Microservices promise autonomy and speed. In practice, without structural discipline, they deliver a chaotic dependency graph that no single engineer can fully reason about. Uber reached 2,200+ services and had to invent a new organizational layer — not for the computers, but for the teams.

## Fact Sheet

- **Company:** Uber Technologies
- **Domain:** Urban mobility, delivery, logistics
- **Service count (pre-DOMA):** ~2,200 active microservices
- **DOMA article published:** September 2020
- **Core stack:** Go, Java, Python; gRPC; Kafka; Cadence (workflow orchestration)
- **Delivery network:** Multi-region, global footprint, owned data centers + hybrid cloud
- **Core problem:** Uncontrollable cross-cutting coupling between services with no clear domain boundaries
- **Adopted solution:** DOMA — Domain-Oriented Microservice Architecture with layers, gateways, and extensions

## The Problem: When Microservices Become a Distributed Monolith

Uber grew from a Python monolith to a microservice architecture over several years, driven by the need to scale independent teams across multiple products — Rides, Eats, Freight, ATG. The natural result of this growth was a service explosion: each team created what it needed, when it needed it, without a global view of dependencies.

The most visible symptom was what the engineering team internally called *dependency hell*: a payment service directly calling a route-mapping service; a notifications service coupled to pricing logic; dependency cycles that turned simple deployments into complex coordination events. With 2,200+ services, no individual engineer could maintain a reliable mental map of the system.

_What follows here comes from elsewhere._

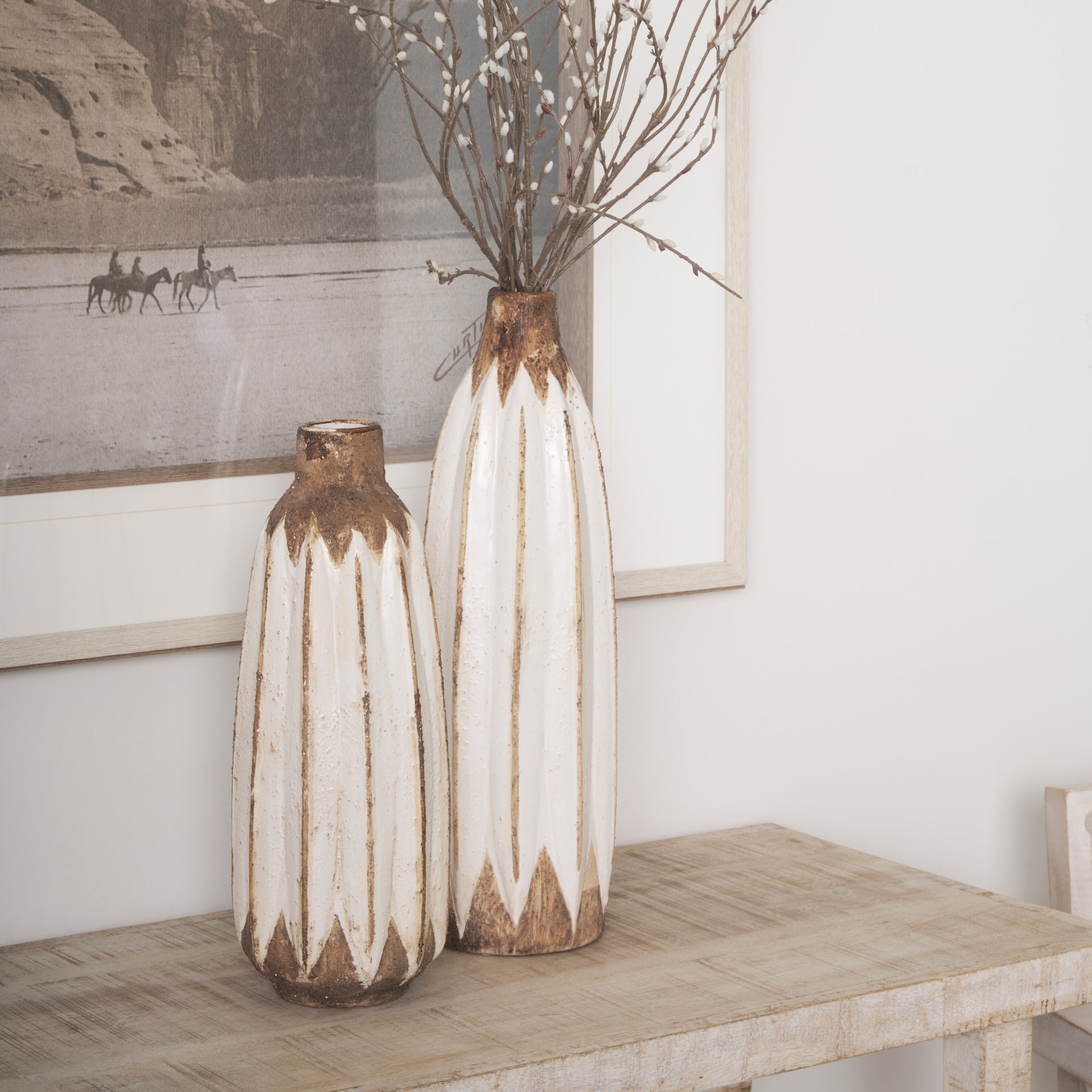 Sisko I Short Rustic Brown White Ceramic Vase
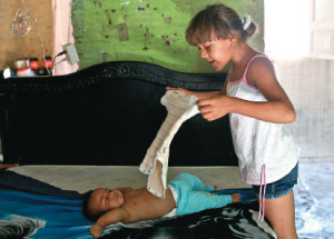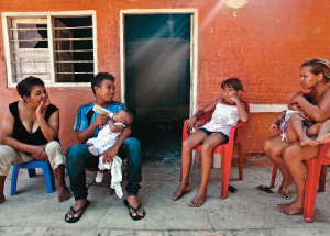 —¡Ya sabía que iba a seguir esto! —les grita a Libinton y Stefany la tía que estaba alimentando a Milan, Madelein. Una adolescente de 14 años, de súbito ruborizada y sonriente. De un brinco se levanta de la mecedora de varillas oxidadas en el andén-terraza, y se hace un moño.

The root problem wasn't technical — it was organizational. Conway's Law operating at maximum scale: the system architecture mirrored the communication structure of the teams, which was itself chaotic because it grew organically without a taxonomy of responsibilities. The solution needed to attack both sides simultaneously: technical structure and organizational structure.

Beyond coupling, there was a discovery and reuse problem. Teams created duplicate services because they didn't know the functionality already existed elsewhere. The absence of explicit contracts between services meant that any internal change could — and frequently did — cause cascading breakages in consumers that should never have had direct access to that implementation.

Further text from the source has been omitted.